Using the records that appear below, write out exactly the lines from the one with "- Dust with" through the one with "注:2019 年上半年在线视频用户增加到了 7.6", keeping both end lines.

(EXTRACTED MATERIAL begins)

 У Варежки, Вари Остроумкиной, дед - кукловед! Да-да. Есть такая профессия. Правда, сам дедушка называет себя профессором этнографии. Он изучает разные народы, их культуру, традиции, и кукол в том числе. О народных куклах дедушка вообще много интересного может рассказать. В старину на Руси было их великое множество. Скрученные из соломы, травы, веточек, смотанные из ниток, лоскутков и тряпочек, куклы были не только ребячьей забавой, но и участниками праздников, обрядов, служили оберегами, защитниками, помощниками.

(EXTRACTED MATERIAL ends)
(EXTRACTED MATERIAL begins)

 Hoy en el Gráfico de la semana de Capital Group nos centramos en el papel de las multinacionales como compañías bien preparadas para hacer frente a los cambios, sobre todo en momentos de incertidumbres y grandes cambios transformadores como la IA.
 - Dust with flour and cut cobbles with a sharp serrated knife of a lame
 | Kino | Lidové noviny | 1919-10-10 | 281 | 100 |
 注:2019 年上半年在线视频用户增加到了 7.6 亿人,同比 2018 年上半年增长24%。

(EXTRACTED MATERIAL ends)

ANSWER TO THE PROBLEM
 - Dust with flour and cut cobbles with a sharp serrated knife of a lame
 | Kino | Lidové noviny | 1919-10-10 | 281 | 100 |
 注:2019 年上半年在线视频用户增加到了 7.6 亿人,同比 2018 年上半年增长24%。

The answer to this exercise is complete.